(Beginning of EXERCISE DATA)

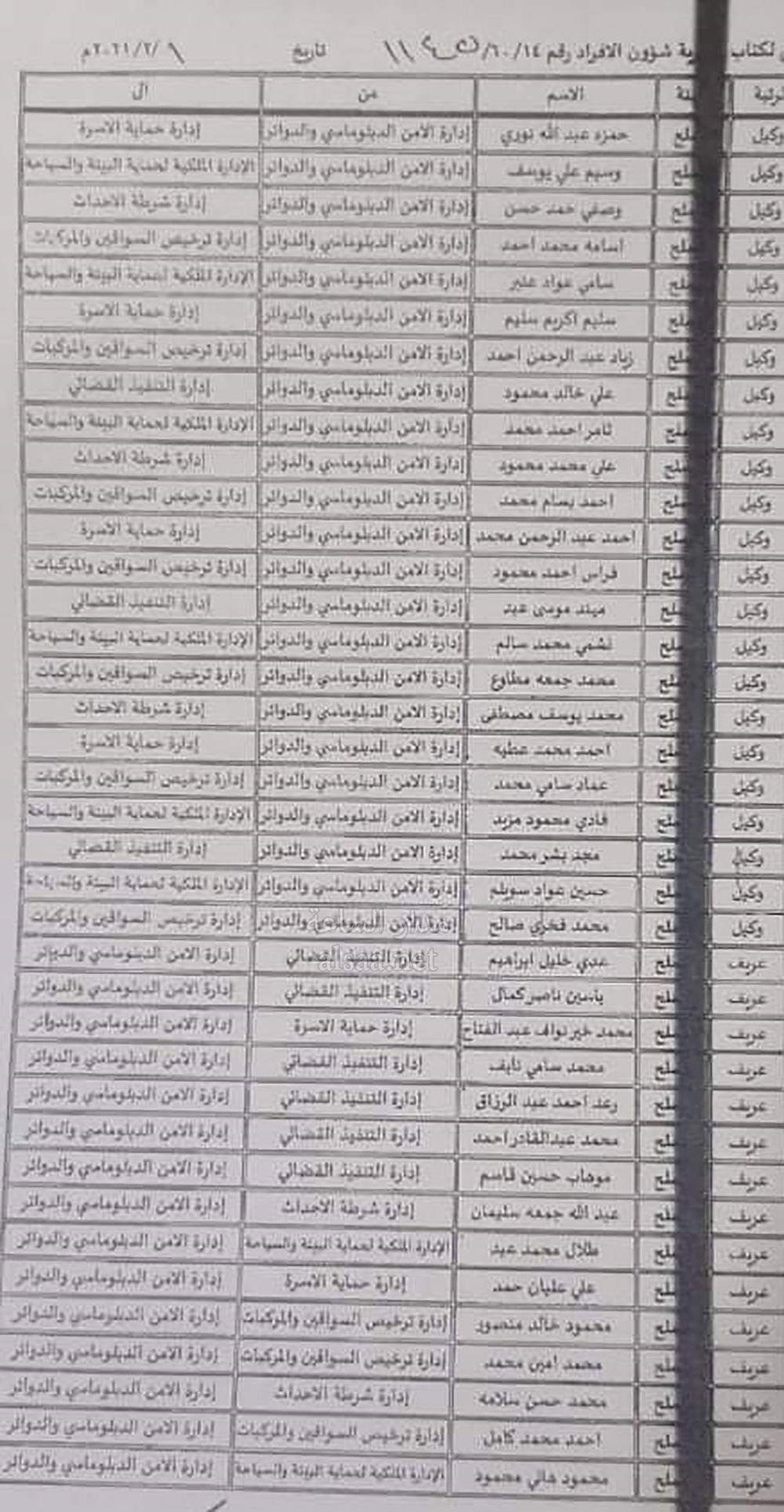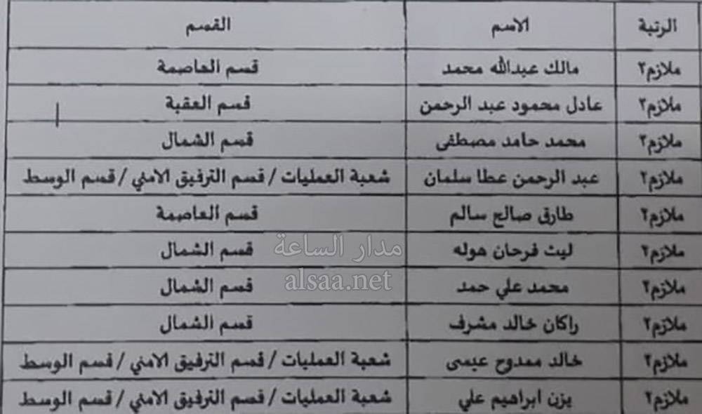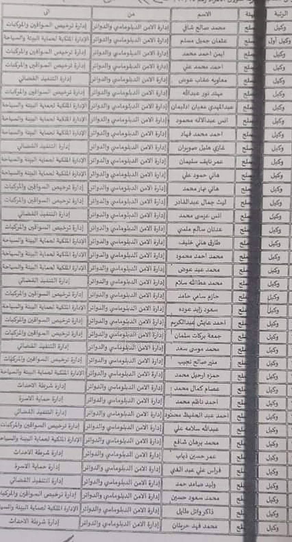 صدرت قائمة تنقلات لعدد محدود من الضباط ولأفراد في مديرية الأمن العام.
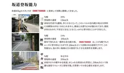 加速性能や登坂能力が大幅に向上しており、従来のT350Proでは体重85kgのスタッフが勾配20%の坂(三分坂)を登る際、速度が11km/hまで低下していたのに対し、T600 GRでは19km/hを維持し、圧倒的な登坂性能を実現しました。
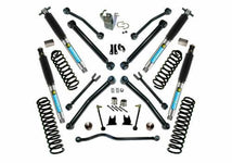 When it comes to ride quality and performance, our lift kits deliver the product quality, durability, craftsmanship, and performance that Wrangler JK owners are looking for. During live vehicle testing, we ensure that the optimum ride and handling performance was incorporated into the design of this lift kit. The REFLEX series control arms feature dual offset forged ends that are encased with our REFLEX bushings to create the most advanced combination of off-road performance and on-road handling characteristics ever offered. Our REFLEX series control arms improve ride quality by reducing noise, vibrations, and harshness (NVH). The REFLEX bushing is a superior design over an OE rubber or poly bushing. The REFLEX bushing offers the articulation of most common inch œflex inch � joints but without the road vibrations and noise that can occur. This direct bolt on kit also includes our REFLEX series adjustable front track bar to keep the axle aligned and the track bar and drag link in sync. Superlifts 4 inch � lift kit allows for 35" Tires with stock fenders and 37" tires with flat aftermarket fenders. Optional components available are; single and dual steering stabilizers, both in the Superlift and Bilstein stabilizer cylinders, front sway bar disconnects, Bulletproof hoses, and an adjustable rear track bar.
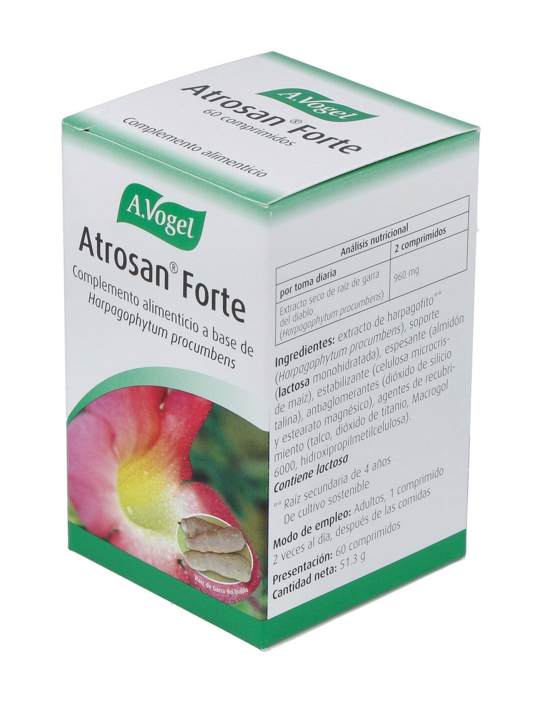 A. Vogel Atrosan Forte es un preparado vegetal a base de raíz secundaria de harpagofito con potentes propiedades para aliviar los síntomas de la artritis, artosis, dolores musculares y de espalda, fibromalgia y lumbalgia.
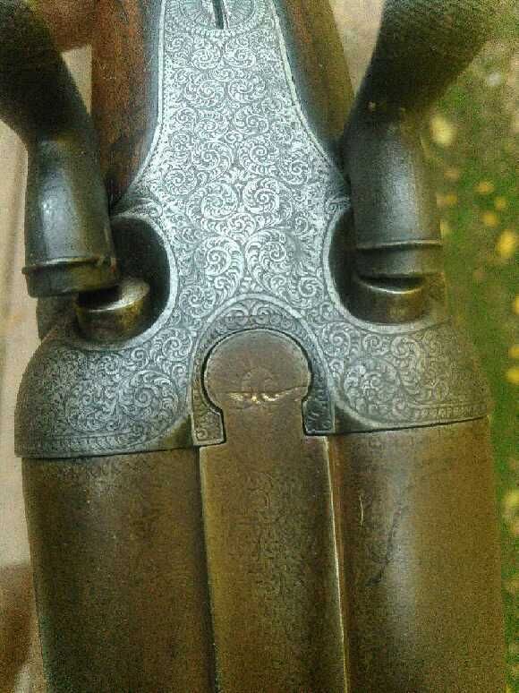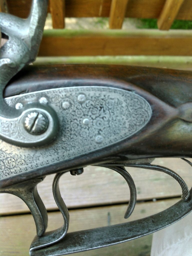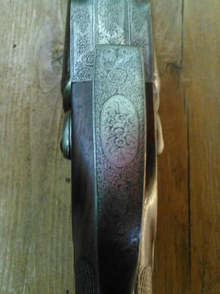 I think this is a clincher but I could be wrong. E envelopes both the C and J, and if rotated right there appears to also be an owl there staring back, although different from the modern version. Hammers pictured on gun are replacement hammers. One was missing and one is pictured above. Very intricate work on the original surviving hammer.

(End of EXERCISE DATA)

TASK GOAL
Any pictures are to be skipped, and the lines from the beginning of the entries through the line with "加速性能や登坂能力が大幅に向" copied exactly.

TASK OUTPUT
 صدرت قائمة تنقلات لعدد محدود من الضباط ولأفراد في مديرية الأمن العام.
 加速性能や登坂能力が大幅に向上しており、従来のT350Proでは体重85kgのスタッフが勾配20%の坂(三分坂)を登る際、速度が11km/hまで低下していたのに対し、T600 GRでは19km/hを維持し、圧倒的な登坂性能を実現しました。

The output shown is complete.